Secondly, I'm concerned by the volatile landscape of "social" apps. FB forked
out so much money for it's past aquisitions such as Whatsapp, Instagram...okay
I get it buy out the competition to avoid becoming MySpace... but Oculus Rift
purchase was the most troubling one of all because it showed that FB is
becoming increasingly anxious about it's future relevance by betting on
extremely early poorly adopted tech with questionable prospects (imo VR will
fail for the same reasons it did in 90s, people don't want to spend long time
or spend doing things they can do on a normal computer). This anxiety is
further fueled by Zuckerberg's race to China while failing to see that WeChat,
Baidu, Snapchat, Uber all have one thing in common: Poor adoption by target
demographic when strong incumbents dominate the market.
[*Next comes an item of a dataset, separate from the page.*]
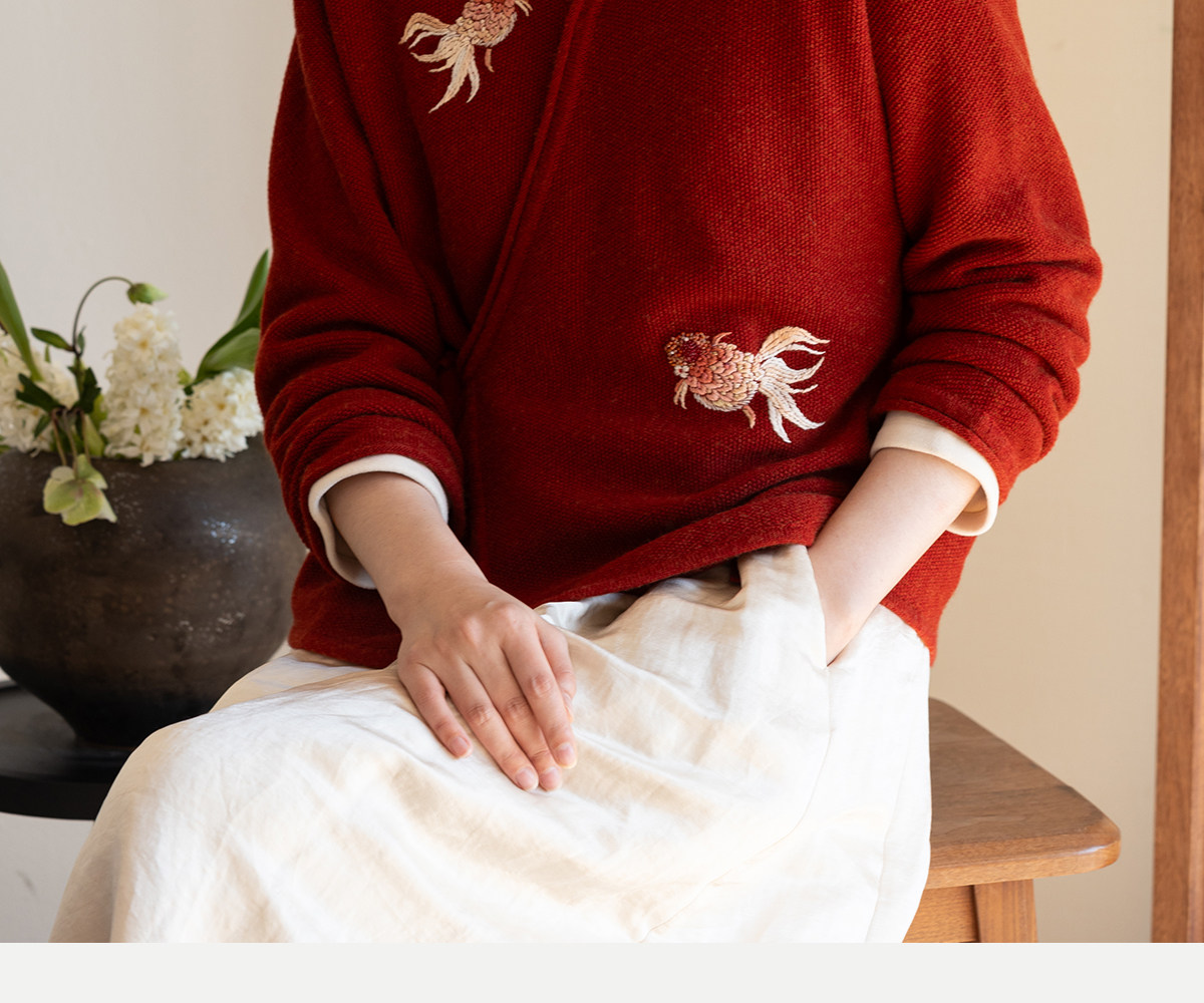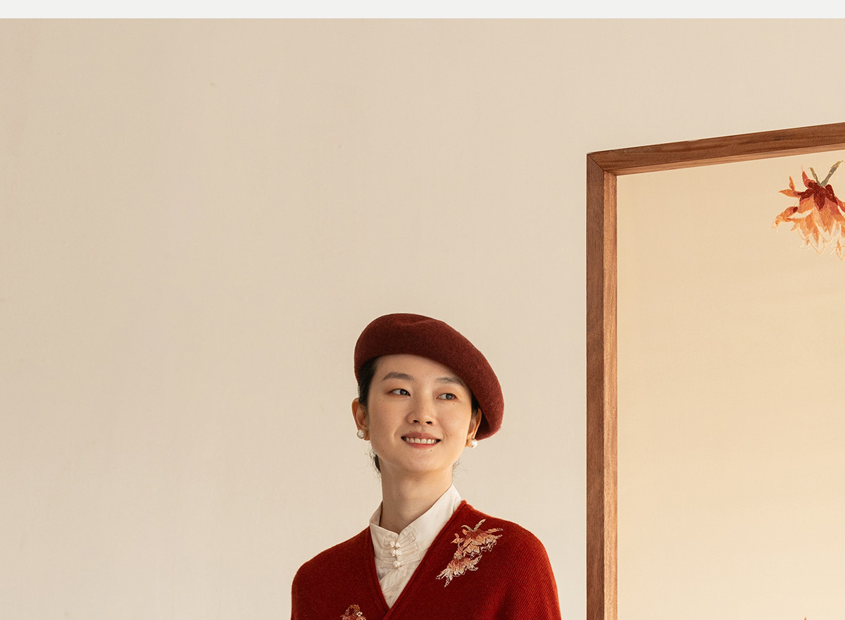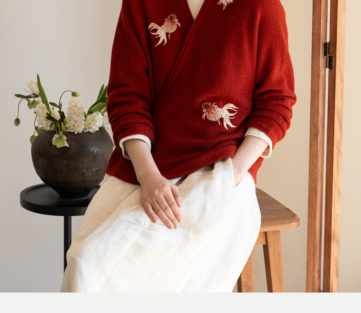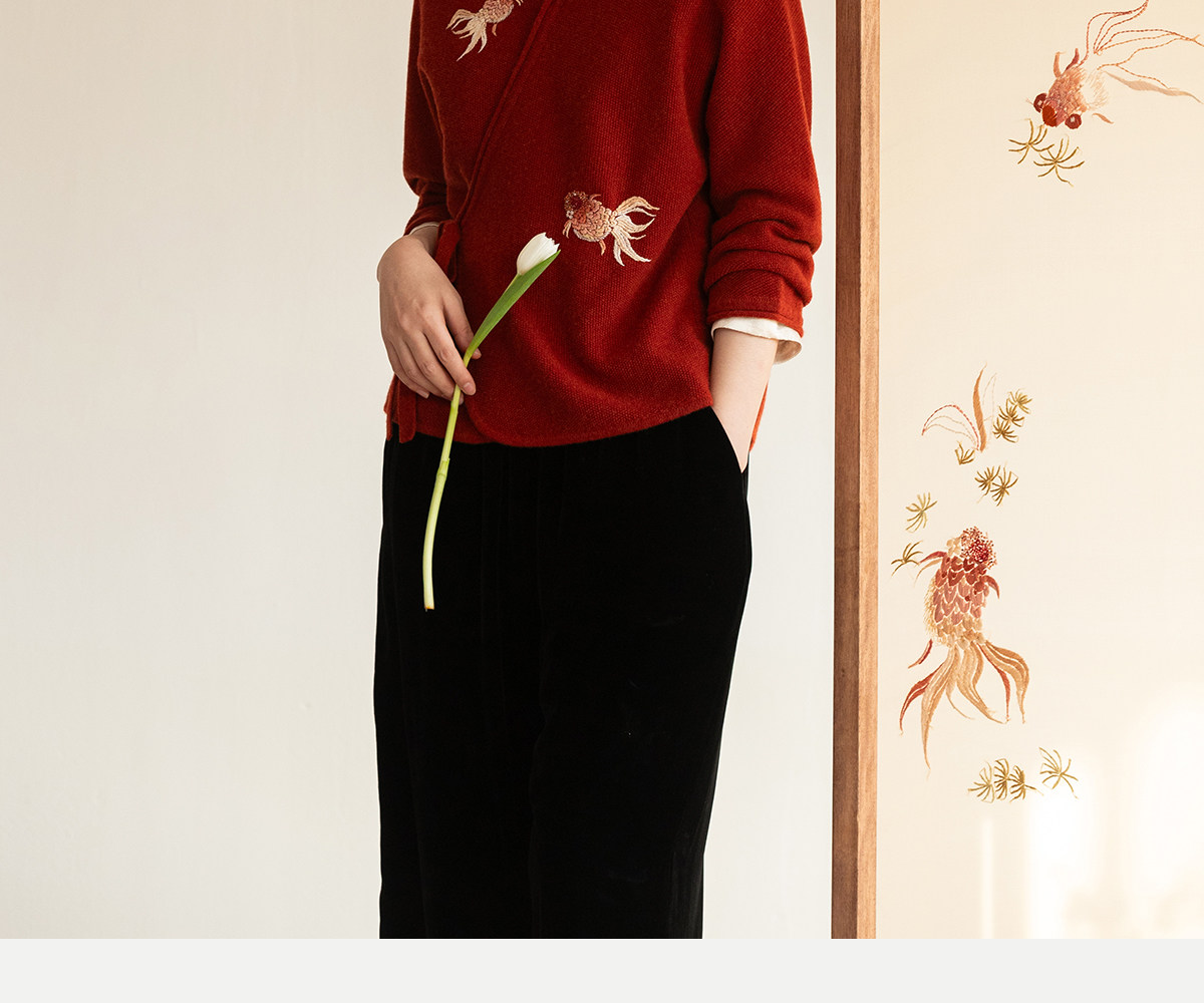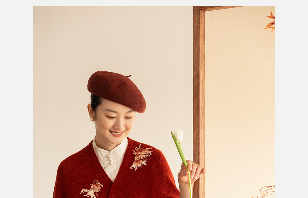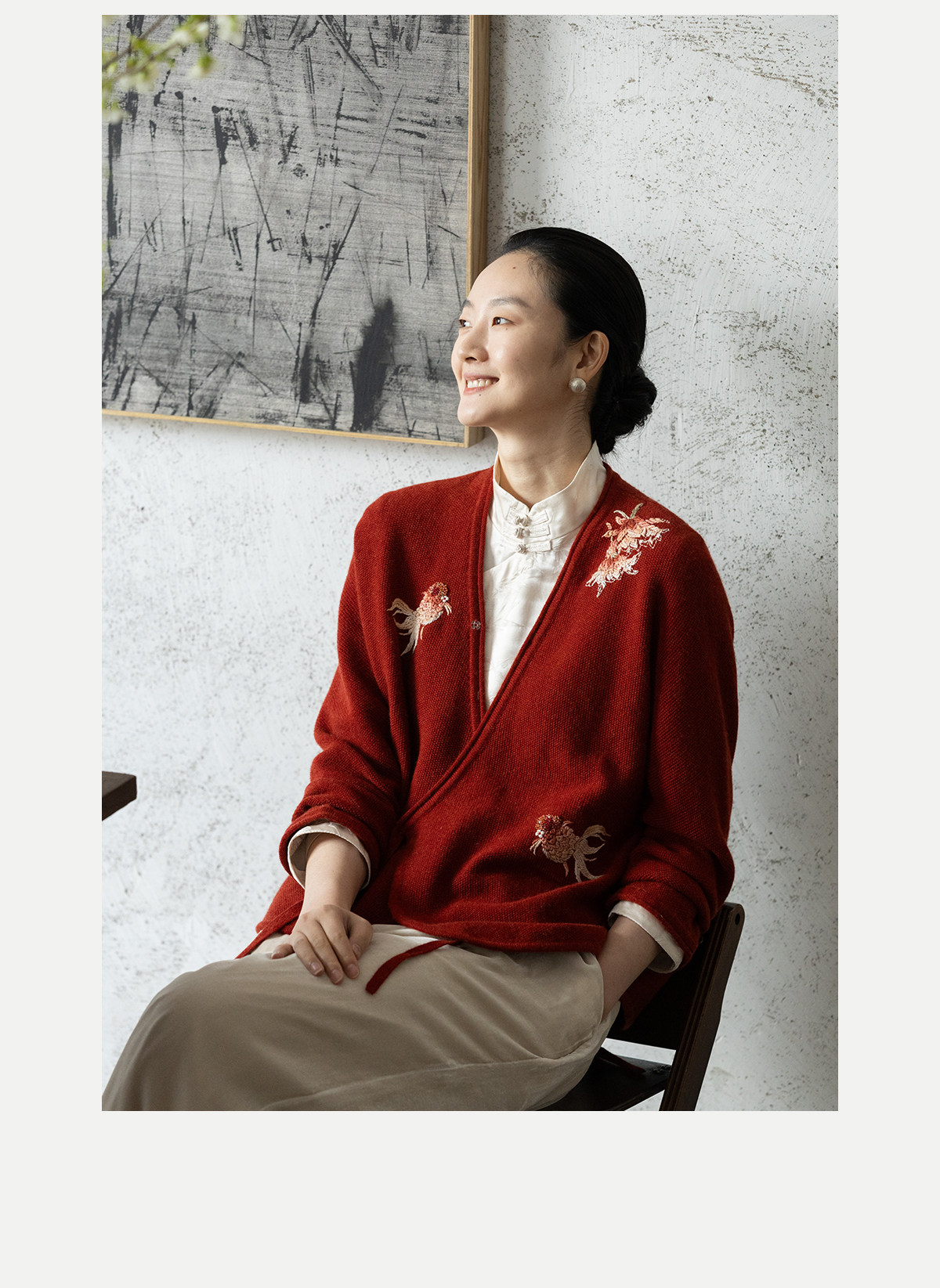 牧衣游原创 羊绒混织重工手绣毛织外套新年红色系带百搭开衫 音逸

If I was a FB shareholder, I would be asking, how the heck are all these
experiments which cost billions of dollars ever going to generate return
before the low interest rate capital disappears with a strengthening dollar
and looming protectionism? This VR resource page communicates and confirms my
suspicions.

FB's VR resources is interesting of course as a fun dev toy, but seeing how
Google spend so much money chasing after "Xperimental out there" ideas and
still hasn't seen ROI, it's worrying to see a company that isn't printing
money spend investors cash so carelessly.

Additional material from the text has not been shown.